Vringo, a publicly-listed technology company that is famous for “protecting” its intellectual property in the mobile space, today announced it has sued Chinese mobile giant ZTE in the UK for allegedly infringing patents covering cellular network technologies.
The company says that it has filed a lawsuit in the UK High Court of Justice against the UK arm of ZTE, after it decided not to take up the offer of licensing its patents. It alleges that ZTE infringed on EU patents 1,212,919 (Relocation in a communication system); 1,166,589 (Rotating synchronization channel transmission); and 1,808,029 Inter-system hand-over of a mobile terminal operable with a first and second radio access network).
It says that ZTE’s cellular network elements all “fall within the scope of all three patents, and ZTE’s GSM/UMTS multi-mode wireless handsets also fall within the scope of the ’029 patent.”
Interestingly, it appears that Vringo is using the portfolio of 500 patents it recently acquired from Nokia for $22 million in August. All three of the patents named in the lawsuit are registered to Nokia, which retains a license for its own mobile products.

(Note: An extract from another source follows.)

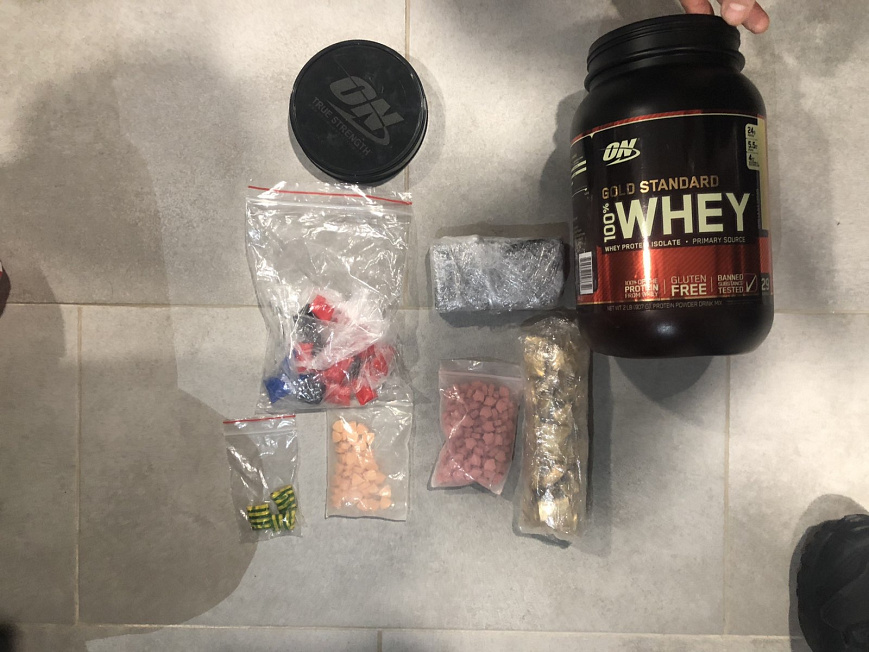 В результате были изъяты таблетки розового и оранжевого цветов (MDMA), амфетамин, марихуана, гашиш и метамфетамин, а также вещества, содержащие в своём составе наркотические средства – мефедрон и кокаин. Общий вес изъятых наркотиков составил 840 граммов. Полицейские также изъяли электронные весы, на которых злоумышленники фасовали запрещенные вещества, и упаковочный материал.

Vringo’s David L. Cohen, Head of Licensing, Litigation, and Intellectual Property at Vringo explains the reasons behind the suit:
“We believe that ZTE is aware that it requires licenses to all patents that are essential to relevant standards. Further, we believe that ZTE is familiar with systems for declaring patents to standards-setting organizations and the relevant intellectual property rights policies for those organizations, having itself declared hundreds of patents to international standards.”
At the end of September, Vringo sent a letter to ZTE “inviting” the company to license its patents. It warned the company that “if and for as long as ZTE does not make a concrete, binding offer to take a license capable of acceptance by Vringo, which would include a FRAND payment for all past infringement, and which would result in a license to Essential patents on FRAND terms, Vringo will pursue all legal remedies available.”
ZTE appears to have ignored Vringo’s letter, leading to today’s legal filing.